- The Washington Times - Monday, August 31, 2020

Increasing crime and violent protests in cities spanning the country have given President Trump a chance to make headway among women voters, who for years have cast a skeptical eye on the blustery billionaire.

Political pros say Mr. Trump’s law-and-order message could particularly reach the ranks of White suburban women, who largely rejected the president during the 2016 campaign and, until now, have not been swayed by his time in office.

Mr. Trump has taken to labeling the uptick in violent protests over the last three months “Biden’s America,” suggesting that the unrest in some city centers right now could spill into suburbia should Democratic presidential nominee Joseph R. Biden win in November.

“When I talk to women — ‘security moms’ are what I am beginning to call them — because safety, security, law and order is becoming a number one issue in this election cycle,” Sen. Marsha Blackburn, Tennessee Republican, said in an interview with Fox News’s Shannon Bream.

Kenneth Warren, a political science professor at St. Louis University, said Mr. Trump is using “a fear tactic” to try to repair breaches with female voters, which were apparent not just in 2016 but also in the 2018 midterm congressional elections.



The suburbs — and suburban women in particular — were considered a key part of the coalition that boosted Democrats back into power in the House, flipping more than 40 seats from Republican control.

But they’re also primed for Mr.
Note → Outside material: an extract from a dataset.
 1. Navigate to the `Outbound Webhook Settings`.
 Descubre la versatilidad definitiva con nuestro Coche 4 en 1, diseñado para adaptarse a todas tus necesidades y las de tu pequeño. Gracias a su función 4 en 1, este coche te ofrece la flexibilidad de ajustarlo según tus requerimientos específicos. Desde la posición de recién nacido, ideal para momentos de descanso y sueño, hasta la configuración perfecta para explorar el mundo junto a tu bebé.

Trump’s security message, according to polling.

A Washington Post/ABC News survey in August found 42% of White suburban voters believe Mr. Biden would make them less safe. Just 22% said he would leave them safer.

Democrats have been trying to figure out how to approach the security message.

Most of the violence at demonstrations over the past three months has come at the hands of anti-police demonstrators marching as part of larger Black Lives Matter protests. Democrats are eager to support and harness the energy of the BLM movement and have been struggling to do that while also condemning the violent fringes.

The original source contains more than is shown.